Step 3: This process is distinct from antigenic drift, which involves minor changes due to random mutations.
Step 4: Choice D correctly states that viral antigenic shift refers to the appearance of new HA variants not recognized by preexisting antibodies.
Summary: Choice A is incorrect because viral antigenic shift is not caused by multiple random mutations. Choice B is incorrect as antigenic shift involves major changes, not a single mutation. Choice C is incorrect as it affects surface proteins like HA, not just internal proteins.

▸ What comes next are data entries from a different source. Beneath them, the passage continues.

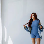 Slim-fitting bodysuit in a stretchy ribbed-knit fabric, featuring a sleeveless design, a crew neckline, and a banded hem.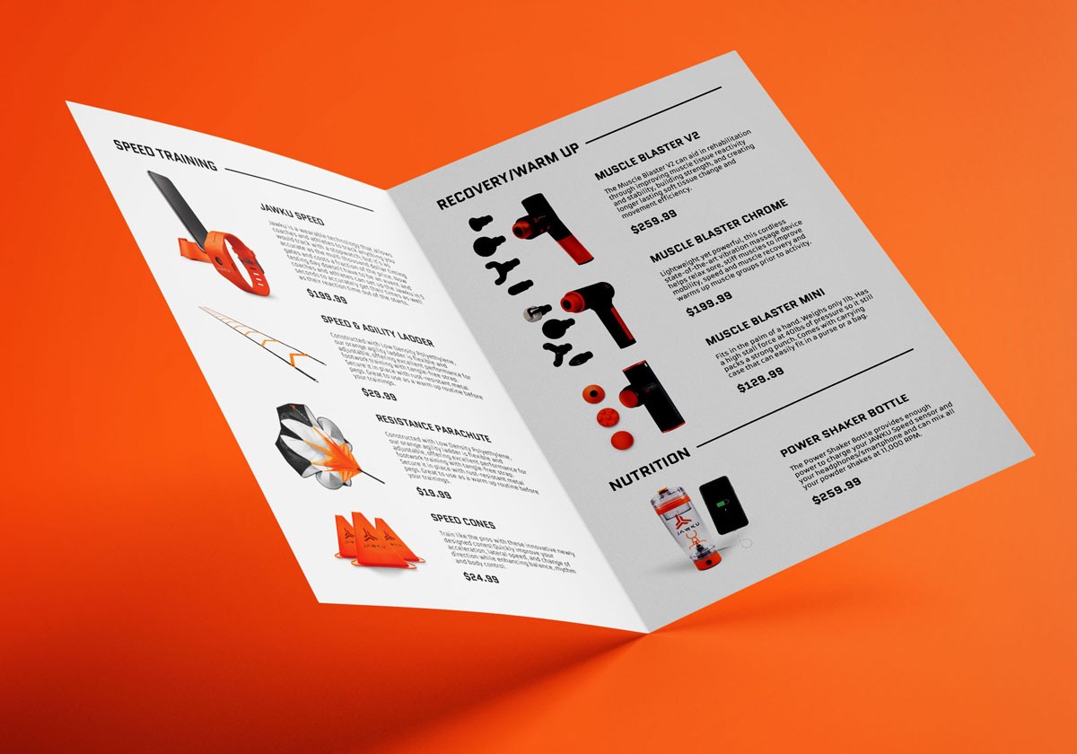 The Jawku print designs were often featured in magazines or flyers to hand out at local sporting events or trade shows. The dynamic designs are eye catching and leap off the page using a combination of shadow, dimension, and advanced layout techniques.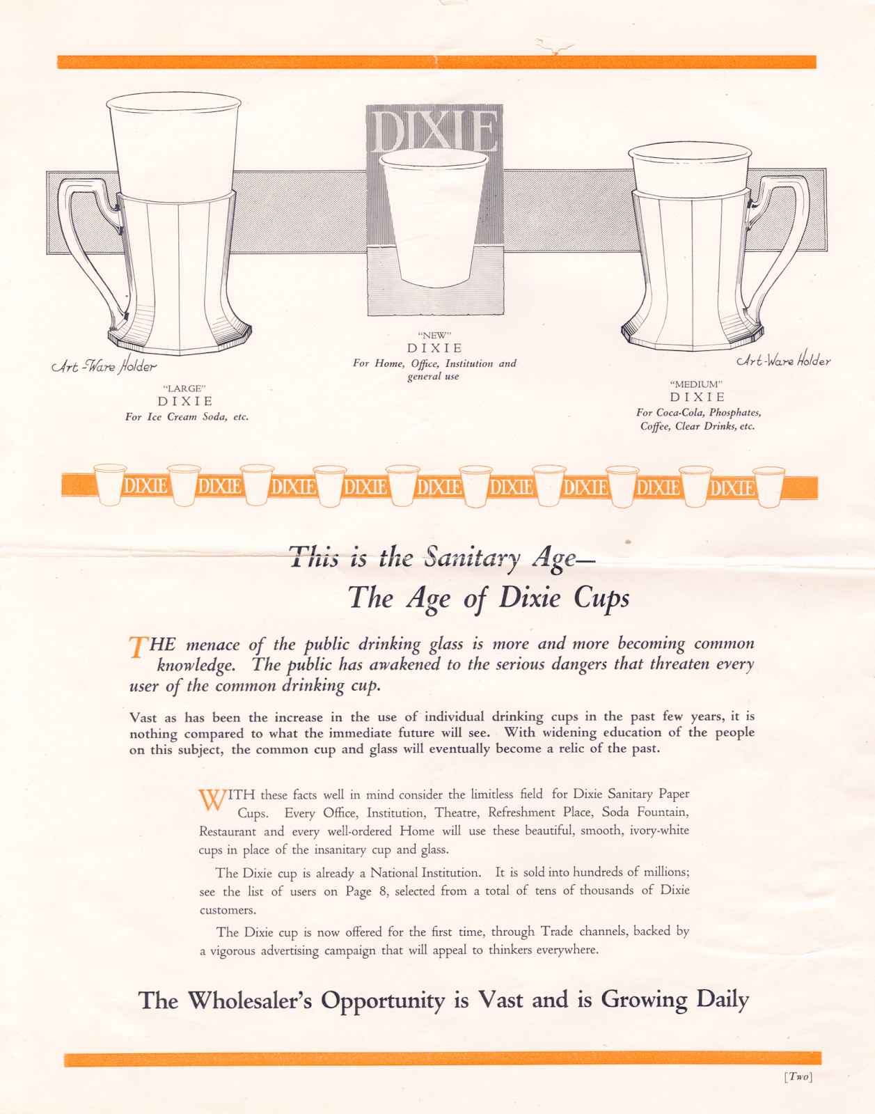 1910년, 휴 무어와 로렌스 루엘렌은 '딕시 컵(Dixie Cup)'이라는 브랜드 이름으로 종이컵을 상용화했다. 딕시 컵은 처음에는 "헬스 컵(Health Kup)"이라고 불렸지만, 1919년부터 뉴욕주의 알프레드 신들러의 Dixie Doll Company에서 제작한 인형 라인의 이름을 따서 현재의 이름으로 변경되었다.[11] 1957년, 딕시 컵은 American Can Company와 합병되었다. 1969년, 그래픽 디자이너 솔 바스가 딕시 컵 로고를 제작했다.[12]

When comparing the types of viruses that infect bacteria, plants, and vertebrate animals, what trends appear from bacterial to vertebrate viral groups?
- A. Less complex-type forms
- B. more enveloped forms
- C. fewer enveloped forms
- D. same number of DNA-containing forms
Correct Answer: B
Rationale: The correct answer is B: more enveloped forms. This trend can be explained by the complexity of host organisms. Bacteria have simple cell structures, making enveloped viruses less common. As we move from bacteria to plants and vertebrate animals, the complexity of host cells increases, leading to a higher prevalence of enveloped viruses. This trend is due to the need for enveloped viruses to evade the host's immune system and facilitate entry into host cells. Choices A, C, and D are incorrect because they do not consider the relationship between virus structure and host complexity.

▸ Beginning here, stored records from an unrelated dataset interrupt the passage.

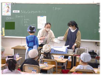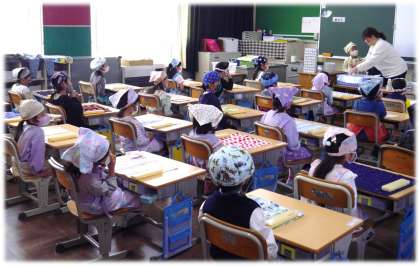 今日から1年生も給食が始まりました。担任の先生から、準備の仕方の説明を聞き、一つ一つ動きを確認していきます。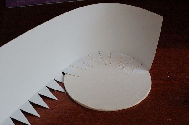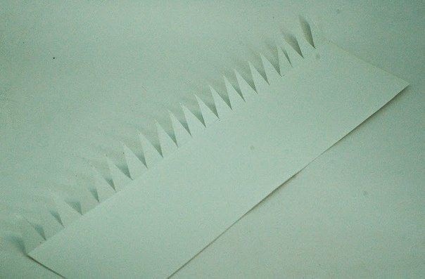 Далее из бумаги (я взяла для графических работ, можно для черчения, главное не сильно тонкую) вырезаем полоску длиной 42 см - это как раз ширина листа А3, мне как раз его хватило. Высоту можно рассчитать так: 10 см - высота дна + 2-3 см. На расстоянии этих 2-3 см бигуем и разрезаем треугольниками, как на фото.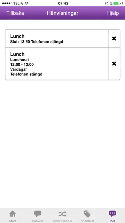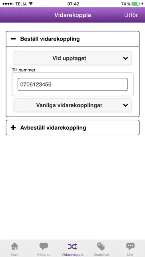 Hänvisa eller medflytta anknytningen, antingen omedelbart eller schemalagt, med in- och urkopplingstider samt meddelande till telefonisterna.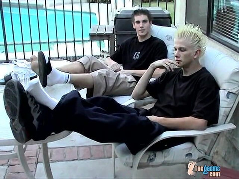 Evan and Ian are the kinds of boys who are up for all kinds of fun. We were all hanging out and somehow got into the kitchen after a little show and tell outside. The boys wash each others feet, then get messy in some food fun, licking each others feet and toes! It's amazing how much fun you can have with a couple of straight guys.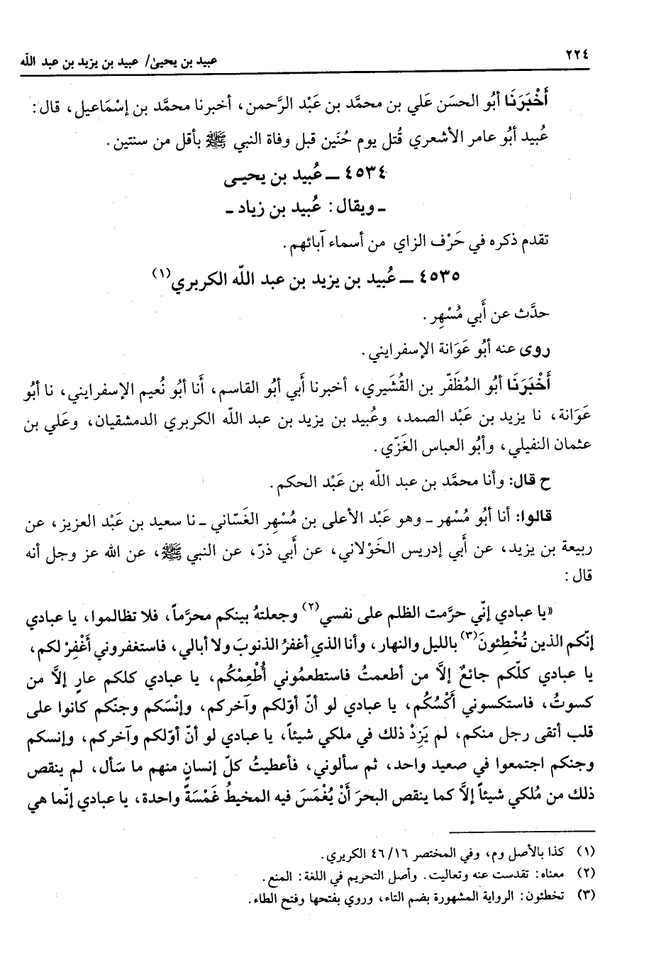 أخبرنا أبو الحسن علي بن محمد بن عبد الرحمن أخبرنا محمد بن إسماعيل قال عبيد أبو عامر الأشعري قتل يوم حنين قبل وفاة النبي (صلى الله عليه وسلم) بأقل من سنتين 4534 - عبيد بن يحيى ويقال عبيد بن زياد تقدم ذكره في حرف الزاي من أسماء آبائهم 4535 - عبيد بن يزيد بن عبد الله الكربري (1) حدث عن أبي مسهر روى عنه أبو عوانة الإسفرايني أخبرنا أبو المظفر بن القشيري أخبرنا أبي أبو القاسم أنا أبو نعيم الإسفرايني نا أبو عوانة نا يزيد بن عبد الصمد وعبيد بن يزيد بن عبد الله بن الكربري الدمشقيان وعلي بن عثمان النفيلي وأبو العباس الغزي ح قال وأنا محمد بن عبد الله بن عبد الحكم قالوا أنا أبو مسهر وهو عبد الأعلى بن مسهر الغساني نا سعيد بن عبد العزيز عن ربيعة بن يزيد عن أبي إدريس الخولاني عن أبي ذر عن النبي (صلى الله عليه وسلم) عن الله عز وجل أنه قال يا عبادي إني حرمت الظلم على نفسي (2) وجعلته بينكم محرما فلا تظالموا يا عبادي إنكم الذين تخطئون (3) بالليل والنهار وأنا الذي أغفر الذنوب ولا أبالي فاستغفروني أغفر لكم يا عبادي كلكم جائع إلا من أطعمت فاستطعموني أطعمكم يا عبادي كلكم عار إلا من كسوت فاستكسوني أكسكم يا عبادي لو أن أولكم وآخركم وإنسكم وجنكم كانوا على قلب أتقى رجل منكم لم يزد ذلك في ملكي شيئا يا عبادي لو أن أولكم وآخركم وإنسكم وجنكم اجتمعوا في صعيد واحد ثم سألوني فأعطيت كل إنسان منهم ما سأل لم ينقص ذلك من ملكي شيئا إلا كما ينقص البحر أن يغمس فيه المخيط غمسة واحدة يا عبادي إنما هي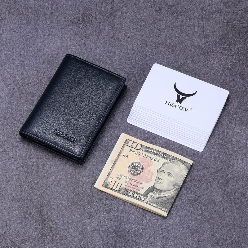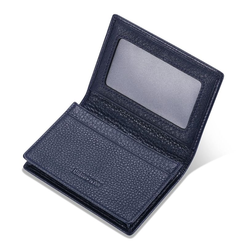 Bien construido: 1 compartimento grande para tarjetas de visita o dinero, 1 ranura interior para tarjeta de crédito, 1 ventana de identificación de plástico transparente.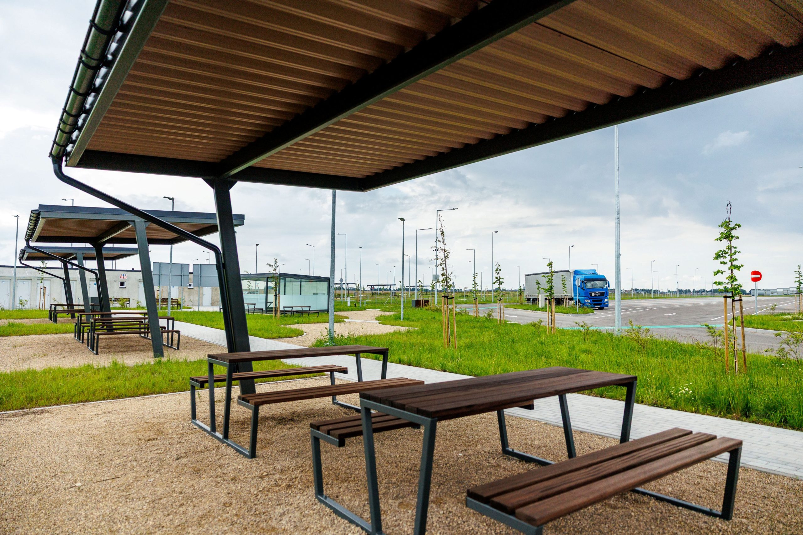 Keliautojai čia ras ne tik stovėjimo vietas skirtingų tipų transportui, bet ir modernias sanitarines patalpas, atskiras poilsio zonas su pavėsinėmis, suolais ir stendais, nemokamą belaidį internetą, elektromobilių įkrovimo stoteles bei saugią, apšviestą aplinką. Visa tai – nemokamai ir pritaikyta patogiai, trumpai ar ilgesnei stotelei kelyje.

What underpins most functions of the immune system?
- A. Secondary lymphoid tissues
- B. Haematopoietic stem cells in the bone marrow
- C. Mucosal immune system activity
- D. Rapid cytokine suppression
Correct Answer: B
Rationale: The correct answer is B: Haematopoietic stem cells in the bone marrow. These cells are responsible for generating all immune cells, including lymphocytes, macrophages, and dendritic cells. They continuously replenish the immune system, allowing for proper immune function. Secondary lymphoid tissues (choice A) play a role in immune responses but are not the primary underpinning. Mucosal immune system activity (choice C) is important for defense at mucosal surfaces but is not the foundation of immune function. Rapid cytokine suppression (choice D) is a regulatory mechanism, not the fundamental basis of immune system functions.